Bloemkool, prei en aardappelen verzuipen in natte velden: “Oogst binnenhalen wordt zwaar labeur

Boer Filip Debacker probeert zoveel mogelijk bloemkool binnen te halen. Z'n velden liggen er namelijk kletsnat bij. © GGM
Redactie KW

Voor de vele aardappeltelers in de Westhoek is de situatie dramatisch om hun teelten nog op tijd binnen te halen. Maar ook in Ruiselede, Wingene en Tielt hebben de boeren het niet onder de markt om gewassen zoals bloemkool, prei en witte kool te oogsten. “We zijn gebonden aan contracten, maar werken in verzopen velden is een echte catastrofe”, treuren de landbouwers die we konden spreken.

Langs de baan van Ruiselede naar Wingene zien we een boer de rapen met de hand uit de drassige grond trekken, om zo de bakken te vullen. Het is duidelijk zware korvee en het werk schiet niet echt op. Ook boer Filip Debacker, uit de Galgenstraat in Ruiselede, heeft de grootste moeite om zijn velden bloemkool te oogsten. “We hebben amper nog een week tijd, maar het werk gaat veel te traag vooruit”, moppert Debacker.

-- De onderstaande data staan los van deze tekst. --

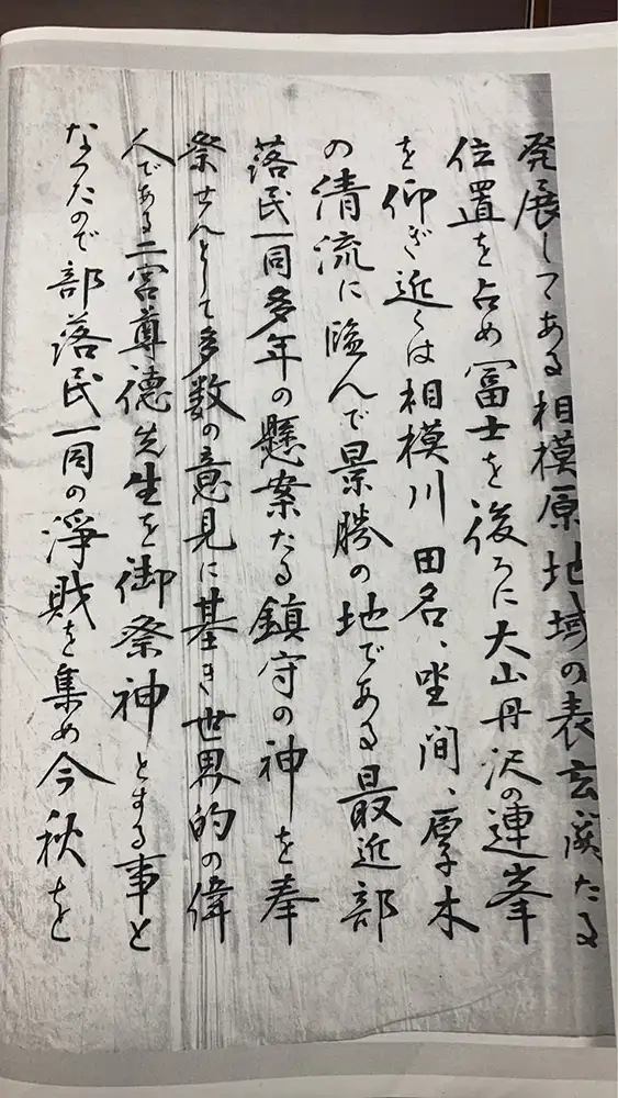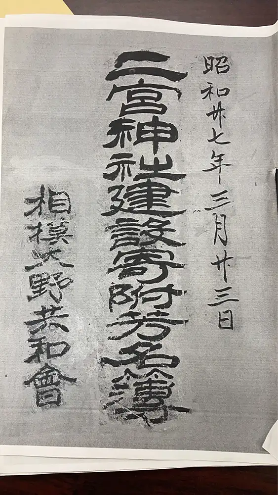 昭和24年二宮尊徳翁の「報徳の精神」(至誠・勤労・分度・推譲)の教えを地域に広めようと、正木造酒蔵氏を中心とする相模大野駅周辺の地元有志の方々による報徳二宮神社御奉斎の機運が高まり、神奈川県小田原市に鎮座する報徳二宮神社より御分霊を戴き、お社を造営する運びとなり、その後地域の発展と安全を願う多くの参詣者が訪れることとなり、昭和50年8月には御社殿の大造営が計画されました。
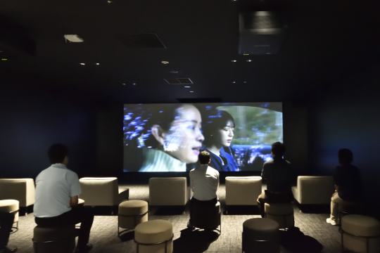 まずは入口の扉。普段は開けたままになっていますが、ガイドツアーの時にはスクリーンになり、スタイリッシュな映像が映し出されます。
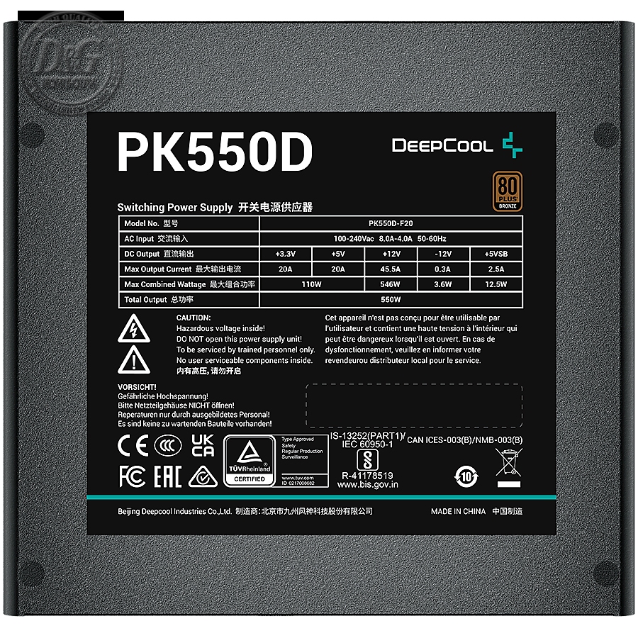 DeepCool PK550D, 550W, 80 Plus BRONZE, Taiwanese Capacitors, Flat Black Cables, 120mm Fan, SCP/OPP/OTP/OVP/OCP/UVP, 5 Year Warranty
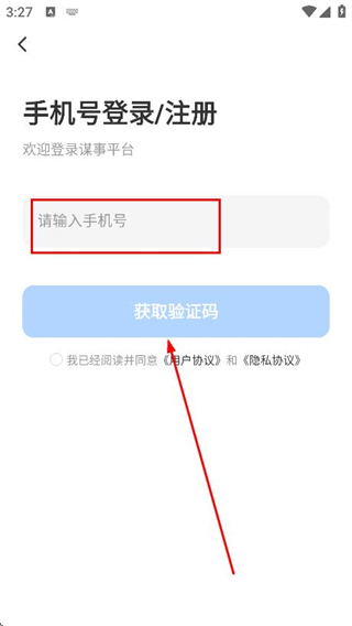 3、進(jìn)入登錄頁面,輸入手機(jī)號,點(diǎn)擊獲取驗證碼。
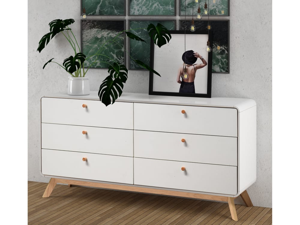 Verbessern Sie Ihr Schlafzimmer mit dieser eleganten Anrichte im modernen skandinavischen Design. Sie besteht aus pflegeleichtem laminiertem Spanplattenmaterial. Die 6 Schubladen bieten viel Platz für verschiedene Verwendungszwecke. Die Anrichte vervollständigt ihren Stil mit Holzknöpfen, harmonisierten Farben, abgerundeten Ecken und ausgestellten Beinen. Sie kann mit dem mitgelieferten Montagesatz leicht zusammengebaut werden. Dank ihres zeitlosen Designs fügt sich diese Anrichte problemlos in alle bestehenden Einrichtungsstile in Ihrem Raum ein.
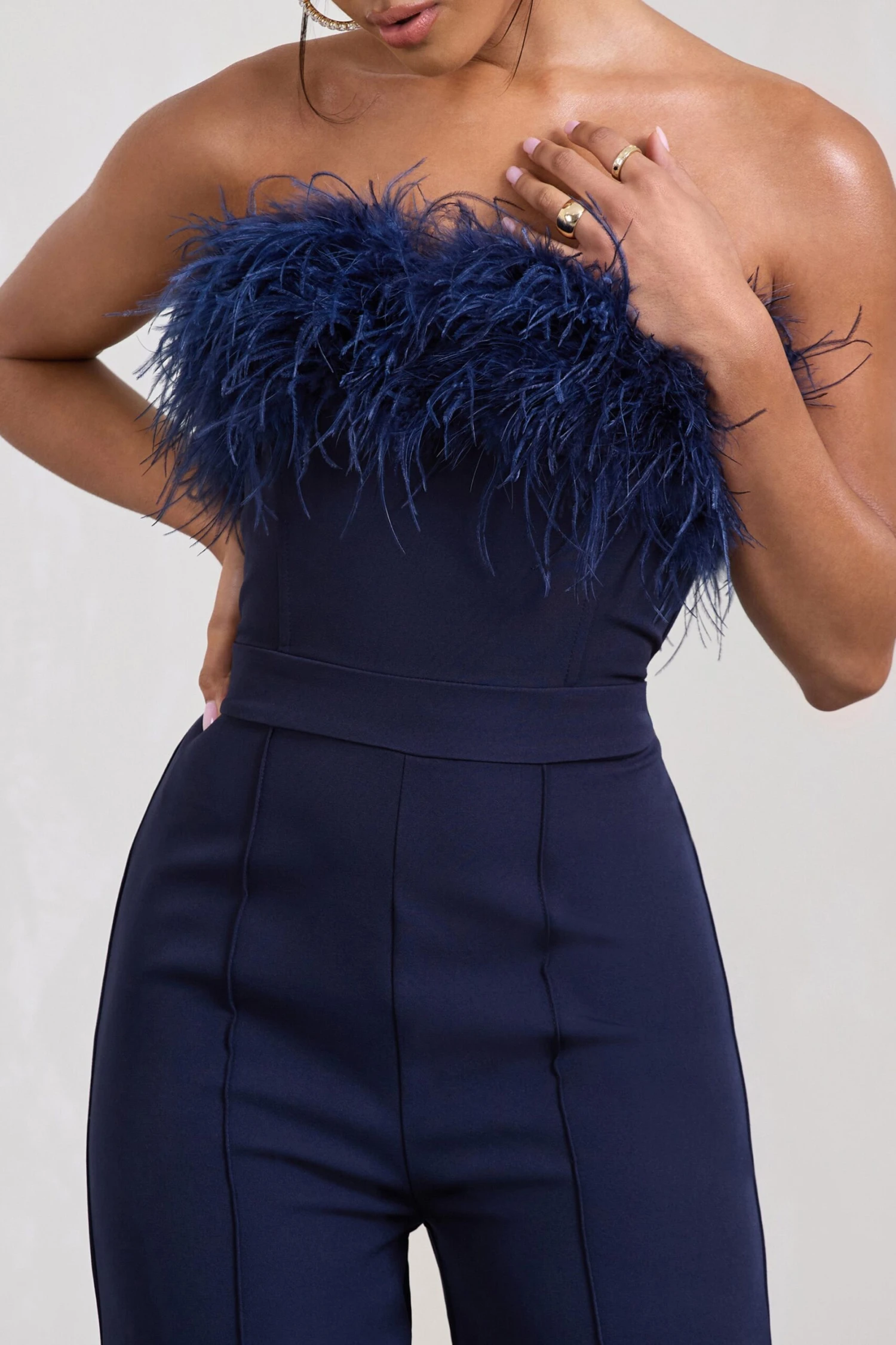 First Class is the feathered showstopper your wardrobe needs for the party season ahead. Designed in sculpting stretch crepe, this navy jumpsuit features a bandeau neckline, bodice boning and long wide legs. Finish First Class with a slick high bun and pointed pumps for an enviable evening look.

“Soms hebben we de ene tractor nodig, om de andere uit de smurrie te trekken”

“Voor de goede kwaliteit van de bloemkool is het essentieel dat die vóór begin volgende week opgehaald is. Maar we kunnen maar aan 30 procent van onze normale capaciteit werken. Soms geraken we gewoon niet eens tot aan de teelt! Drie tractoren zijn hier al vastgelopen. We gebruiken de ene tractor, om de andere uit de smurrie te trekken. Zo wacht er nog 14 hectare. Niet te doen. We hebben dringend enkele droge dagen nodig. Maar dan mag het niet vriezen, of alles is verloren. Gelukkig hebben we voor andere teelten zoals savooi nog een beetje tijd.”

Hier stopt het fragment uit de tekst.